В глазах у Димы проскальзывает нечто безумное. Он внезапно грубо бьет меня по лицу, и я отворачиваюсь от вспыхнувшей по всему телу боли. Глаза наливаются слезами. Открываю рот, хочу закричать, как вдруг слышу звук рвущейся ткани. Грудь сжимает дикий, лютый ужас. Пытаюсь вырваться, восклицаю:

- Нет! – и чувству, как блондин сдирает с меня юбку, разрывая ее на две части. – Нет!

Я опять кричу, извиваясь всем телом, вырываясь наружу изо всех сил, однако Дима так крепко прижимает меня к себе, что мне даже дышать сложно. Уже через пару секунд, он кивает двум своими невидимым дружкам, и они оказываются по бокам от моего тела. Крепко хватают за руки, за плечи, в то время как блондин элегантно сбрасывает на пол пиджак. Я ору. Знаю, что никто меня не услышит, но отчаянно взвываю к помощи, надрывая легкие и глотку.

- Нет, нет! – отталкиваюсь от Димы ногами. Он пытается раздвинуть их, но я упрямо и одержимо сопротивляюсь, извиваясь всем своим телом. – Помогите, помогите!

- Замолчи.

- Пожалуйста, не надо, нет! Дима! Прекрати! – из глаз рвутся горячие слезы. Я пытаюсь посмотреть парню в лицо, но не могу. Один из качков хватает меня за волосы и грубо тащит их вниз. Так, чтобы я не могла вертеть головой. Но я все равно кричу, отбиваюсь и неожиданно вспоминаю маму. Что бы она сказала? Что бы она сделала, увидев, как со мной обращаются? Да, она разодрала бы им глотки! Выдрала бы им легкие! Я до боли стискиваю зубы, мычу и верещу, - мама, мама!

А Дима, расстегивая ширинку, смеется:

- Давай, позови ее еще раз! Меня это даже заводит. Давай, Зои! Давай!

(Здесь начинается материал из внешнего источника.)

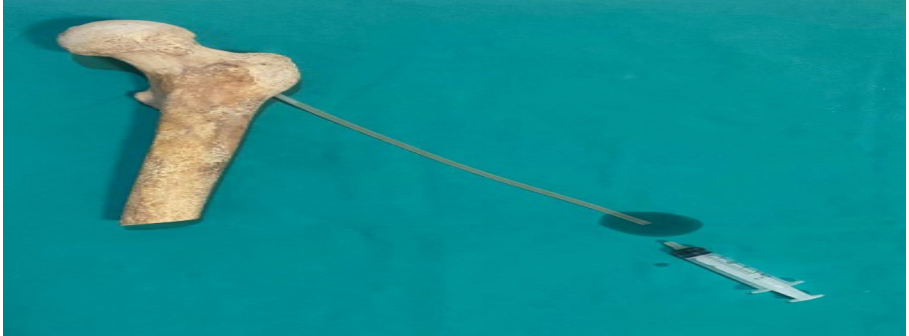
Figure 3. Retrograde Platelet rich plasma (PRP) leakage that occurs after Platelet rich plasma (PRP) application if not enough fluid is sent into the Nelaton catheter (2cc).

F-Platelet rich plasma application, isotonic fluid is sent through the Nelaton catheter to fill the internal volume of the catheter (2 cc) to prevent retrograde flow of platelet rich plasma and deliver it to the avascular necrosis area with full efficiency.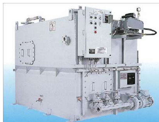
1,920 - 21,000 L/day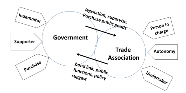
Figure 2. New relation model of the government and trade association

Therefore, as the important main body for reconstructing the relation between the government and community, the government and trade associations play different levels of roles. The responsibilities of the government mainly lay in institutional aspect and resource allocation aspect. The government provides the effective resources and equal competition through establishing the institutional environment of complete trade association survival and development. The responsibilities of trade association mainly lay in the actual operation level, adapting to demands of market and enterprises, constantly completing and expanding the services to members, participating in public affairs, and maintaining the market order. Fig. 2. represents the reconstruction model of the new relation between the government and trade association.

И я не хочу делать, как он велит, но все равно непроизвольно зову ее, искренне веря, что она сейчас вломится в эту комнату и спасет меня, поможет мне! Но она не придет, Зои! Она умерла. Она не вытащит тебя отсюда!

- Нет! - Грудь сотрясают рыдания. Блондин разрывает корсет, припадает губами к моей шее, а я кричу и кричу. Чувствую, как руки сводит в тех местах, где их сжимают два парня и плачу от безнадеги, от боли и отчаяния. Вдохнув как можно больше воздуха, я вновь пытаюсь оттолкнуться от Димы ногами, однако не рассчитываю силу, и сама отпружиниваю назад. Моя голова налетает на нечто острое, и я вдруг вижу падающий на мои плечи черный потолок. Не думаю, что он, действительно, падает, однако ничего не успеваю понять и отключаюсь.

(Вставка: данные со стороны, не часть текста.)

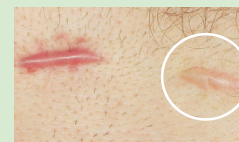
Right scar treated for 2 months, left scar remained untreated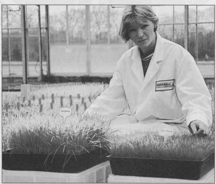
Quality varieties like Barkoel pay for themselves because they require less

The trouble is a cheap grass seed mixture leads to a bad sward, more maintenance (and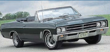
1967 Buick Gran Sport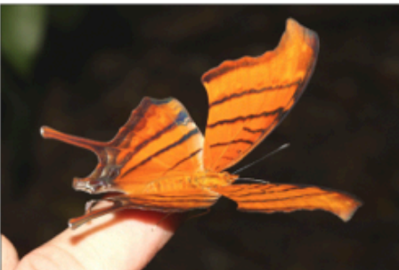
Fig. 23. Marpesia petreus , female dorsal, FLORIDA: Miami-Dade County: Castellow Hammock Park, NE of Homestead, 13-V-2014.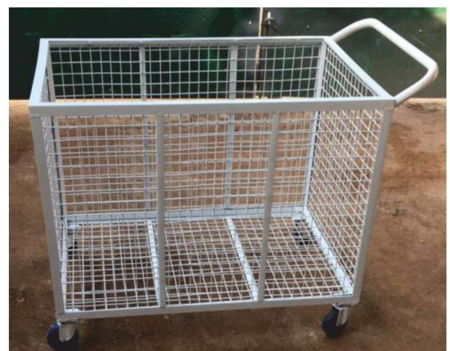
Product - 12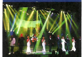
Fabulous Carolina Opry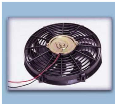
12" COOLING FAN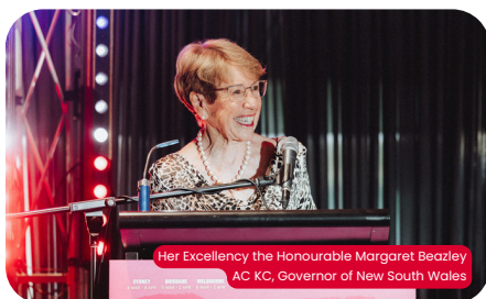
Her Excellency the Honourable Margaret Beazley AC KC, Governor of New South Wales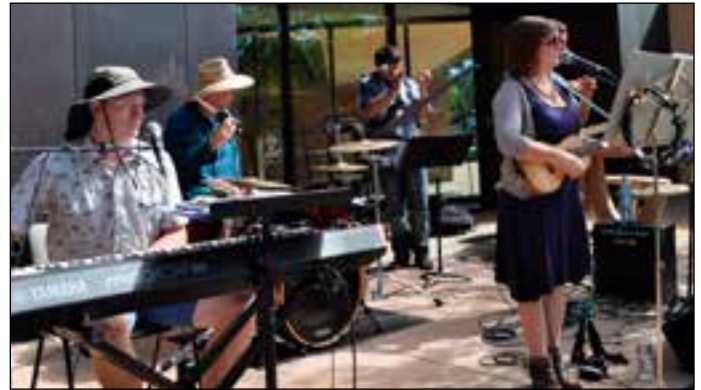
Members of Friberg Friday will perform as The Flock at the kickoff.

An interactive exhibit featuring hands-on and multimedia components encouraging new perspectives about engineers and their vital work. See page 12 for details.

Когда я прихожу в себя, в комнате тихо. Открываю тяжелые веки, приподнимаюсь и вдруг понимаю, что на мне нет нижнего белья, что тело прикрывают лишь оборванные остатки от бордового платья, а на руках и талии огромное множество небольших синяков, по очертаниям напоминающих отпечатки ладоней. Горло сводит. Слезы, так и застывают на глазах, и я дрожу от холода, который пробирается сквозь кожу, проникает внутрь тела.

- Мы хорошо провели время, - вдруг отрезает знакомый голос. Поднимаю голову и вижу Диму. Он кидает на смятую постель деньги. Затем подходит к двум парням, один из которых дрожащими пальцами пытается застегнуть ширинку, и добавляет, - больше твои услуги нам не потребуются.

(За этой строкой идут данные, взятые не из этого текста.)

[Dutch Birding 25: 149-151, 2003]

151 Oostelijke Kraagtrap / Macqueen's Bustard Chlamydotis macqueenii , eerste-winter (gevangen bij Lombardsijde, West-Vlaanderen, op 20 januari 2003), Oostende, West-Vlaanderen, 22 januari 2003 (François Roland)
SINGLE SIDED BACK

Я остаюсь одна в этой пустой, темной комнате, трясущимися руками закрываю голое тело и все-таки начинаю плакать. Меня ломает. На части. Как ветку. Закрываю пальцами глаза и ору изо всех сил, изнывая от отвратительной, колючей боли где-то в сердце. Тело ноет, его крутит, тянет, и я как не пытаюсь, не могу поверить в то, что произошло. Покачиваю головой, говорю себе: нет, нет, это не так, ничего не было, не может быть, а сама беззвучно трясусь от рыданий, ошпаривающих горло. Порывисто подрываюсь с постели. Стискиваю зубы, нахожу чью-то спортивную, длинную кофту и набрасываю ее на плечи. Решаю бежать вон из дома. Вырываюсь на улицу и, не обращая внимания на ошеломленные, любопытные взгляды, несусь вперед. Дальше. Как можно дальше.

Когда слезы заканчиваются, и сил не остается, я сбавляю темп. Молча, крепко сжимаю губы и иду вперед, понятия не имея, где нахожусь. Просто переставляю дрожащие ноги и не оборачиваюсь, зная – за спиной слишком много воспоминаний, которые мне абсолютно не нужны. Я бы все отдала, чтобы попросту стереть их, чтобы нажать на кнопку и проснуться без памяти, совсем другим человеком. Поднимаю взгляд, замечаю знакомое здание и иду к нему, как к единственному светлому пятну во всем черном тумане.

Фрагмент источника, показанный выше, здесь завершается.